# Billie Eilish - Orchestrated



## Mattia Chiappa (Feb 19, 2020)

Hi people!

For fun I tried to orchestrate Billie Eilish - when the party's over. This was a fun little experiment and I though I'd share it with you.

Sample Libraries used:

- Spitfire Audio BBCSO
- Sample Modeling Brass
- Spitfire Audio BHCT




Score:









Dropbox - File Deleted


Dropbox is a free service that lets you bring your photos, docs, and videos anywhere and share them easily. Never email yourself a file again!




www.dropbox.com






Sketch:









Dropbox - File Deleted


Dropbox is a free service that lets you bring your photos, docs, and videos anywhere and share them easily. Never email yourself a file again!




www.dropbox.com


----------



## markleake (Feb 22, 2020)

This sounds really good. Well done!


----------



## tav.one (Feb 22, 2020)

Wow! So Beautiful...I want to hear this played by live orchestra with Billie on vocals.

Do you have this on Spotify?


----------



## Mattia Chiappa (Feb 22, 2020)

tav.one said:


> Wow! So Beautiful...I want to hear this played by live orchestra with Billie on vocals.
> 
> Do you have this on Spotify?


Hi thanks! Unfortunately I don’t have any music on Spotify. I know, I should look into that


----------



## Gingerbread (Feb 22, 2020)

Beautifully done orchestration (and thanks for breaking out the sections in your video!).

I'm curious about your process: did you work out the orchestration on paper (virtual or otherwise) first, or did you work it out directly in-DAW?


----------



## Ilko Birov (Feb 22, 2020)

Wonderful stuff!
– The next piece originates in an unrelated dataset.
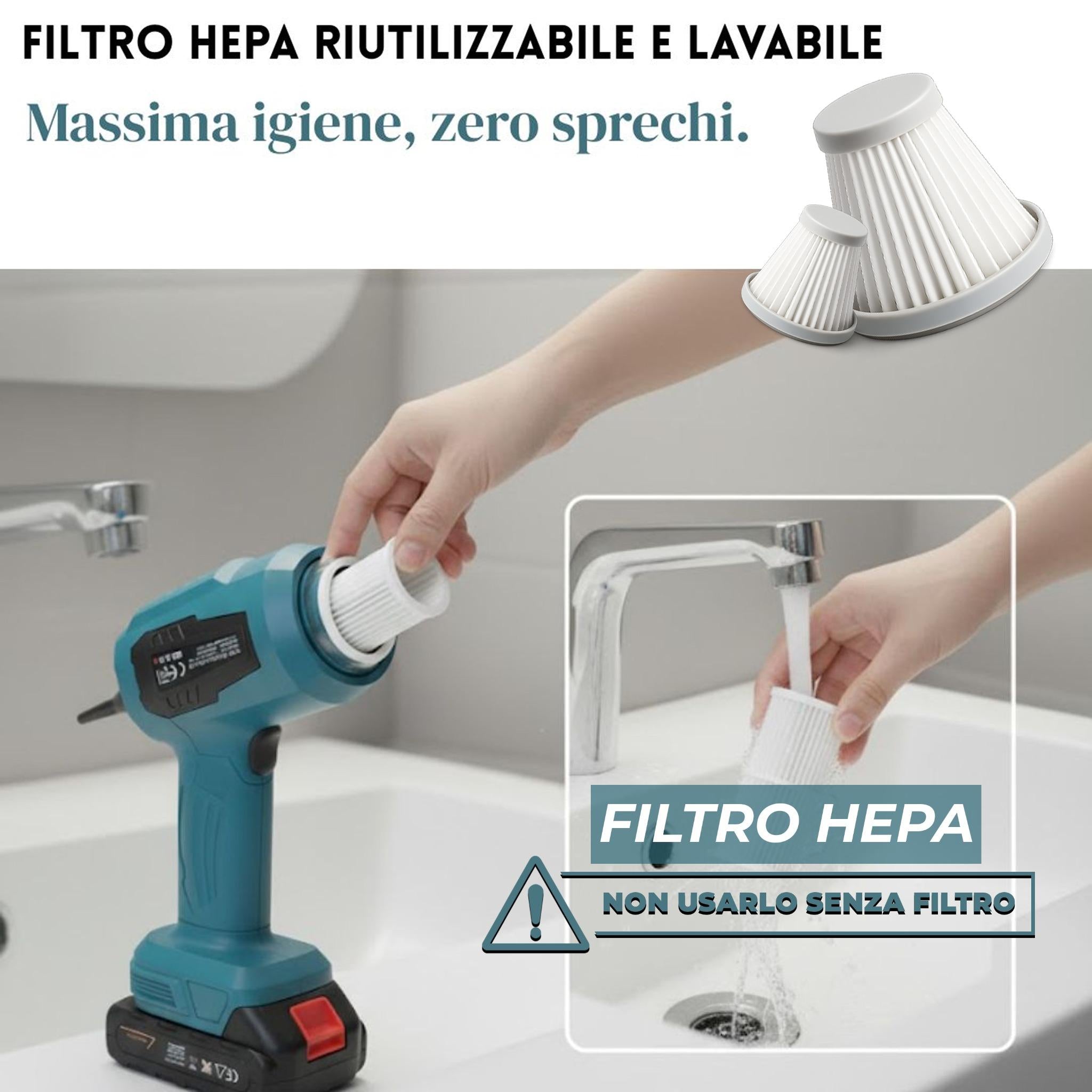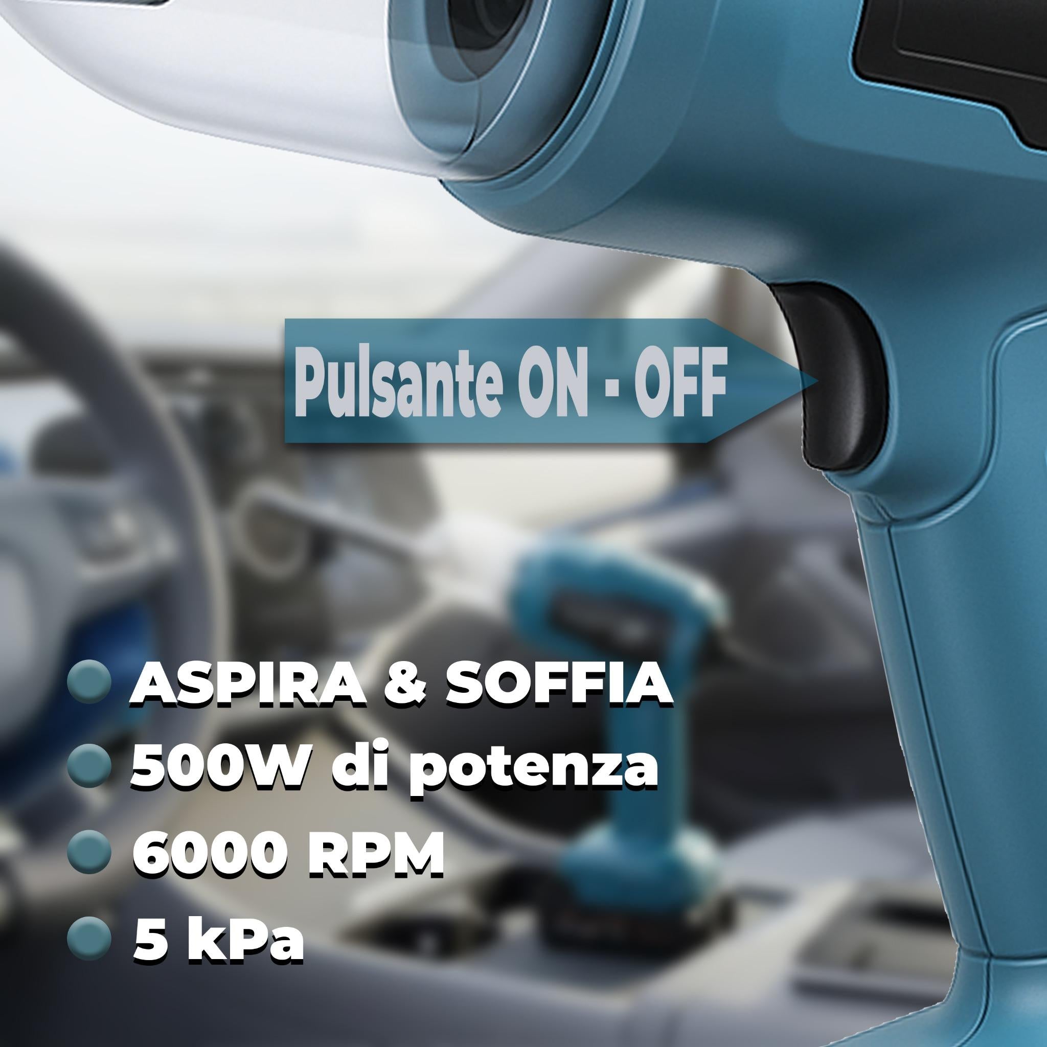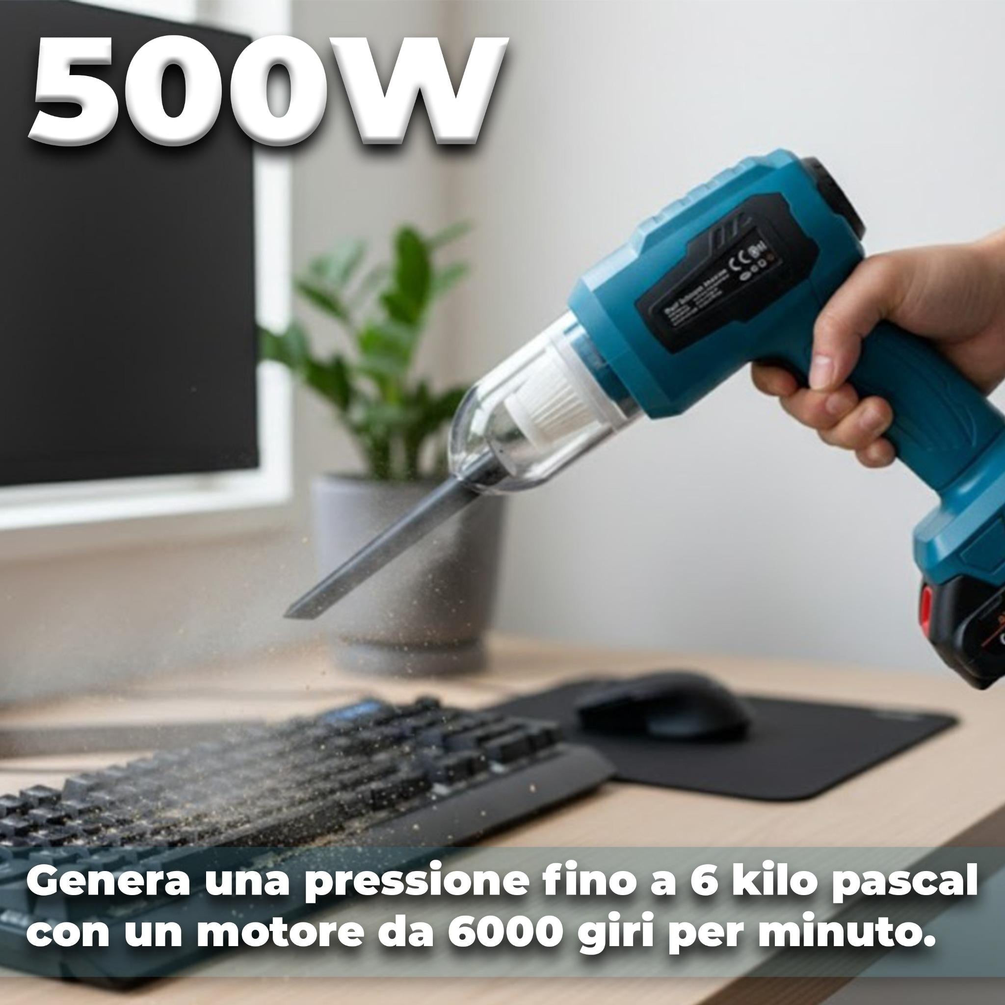 Prestazioni elevate grazie al motore da 500W che assicura una pulizia profonda aspirando polvere, briciole e peli in pochi secondi, ideale per auto, uffici e casa.

And the final part really came together nicely.
This arrangement also reminded me of Elliott Smith.


----------



## Mattia Chiappa (Feb 22, 2020)

Gingerbread said:


> Beautifully done orchestration (and thanks for breaking out the sections in your video!).
> 
> I'm curious about your process: did you work out the orchestration on paper (virtual or otherwise) first, or did you work it out directly in-DAW?


Thanks! I sketched the whole arrangement on piano, which I then orchestrated in Sibelius. I've now linked the score and piano reduction on top if you're interested in taking a look at that.


----------



## tav.one (Feb 22, 2020)

Mattia Chiappa said:


> Unfortunately I don’t have any music on Spotify. I know, I should look into that


Please do, I listen to a lot of your tracks repeatedly and I’d rather listen to it on Apple Music / Spotify as its way more convenient and it helps the artist more.


----------



## NekujaK (Feb 22, 2020)

Gorgeous rendition of a beautiful song. Very nice!


----------



## Zedcars (Feb 23, 2020)

Beautifully orchestrated Mattia. Just had my second listen. So many little details and flourishes really bring this alive. Great work as always.


----------



## batonruse (Feb 23, 2020)

Mattia Chiappa said:


> Thanks! I sketched the whole arrangement on piano, which I then orchestrated in Sibelius. I've now linked the score and piano reduction on top if you're interested in taking a look at that.


Thanks again Mattia for sharing your files and for taking us on your journey!


----------



## Mattia Chiappa (Feb 23, 2020)

Thanks guys! I might make a video breakdown of how I orchestrated this and if anybody is interested I'll post it here.


----------



## batonruse (Feb 23, 2020)

Mattia Chiappa said:


> Thanks guys! I might make a video breakdown of how I orchestrated this and if anybody is interested I'll post it here.


That would be really interesting and informative for many of us....here's hoping you can find the time.Thanks.


----------



## Jimmy Hellfire (Feb 23, 2020)

It's really a beautiful orchestration. You made it listenable ...


----------



## schrodinger1612 (Feb 23, 2020)

Sounds great and builds up nicely - enjoyed it a lot, wish it was longer :D


----------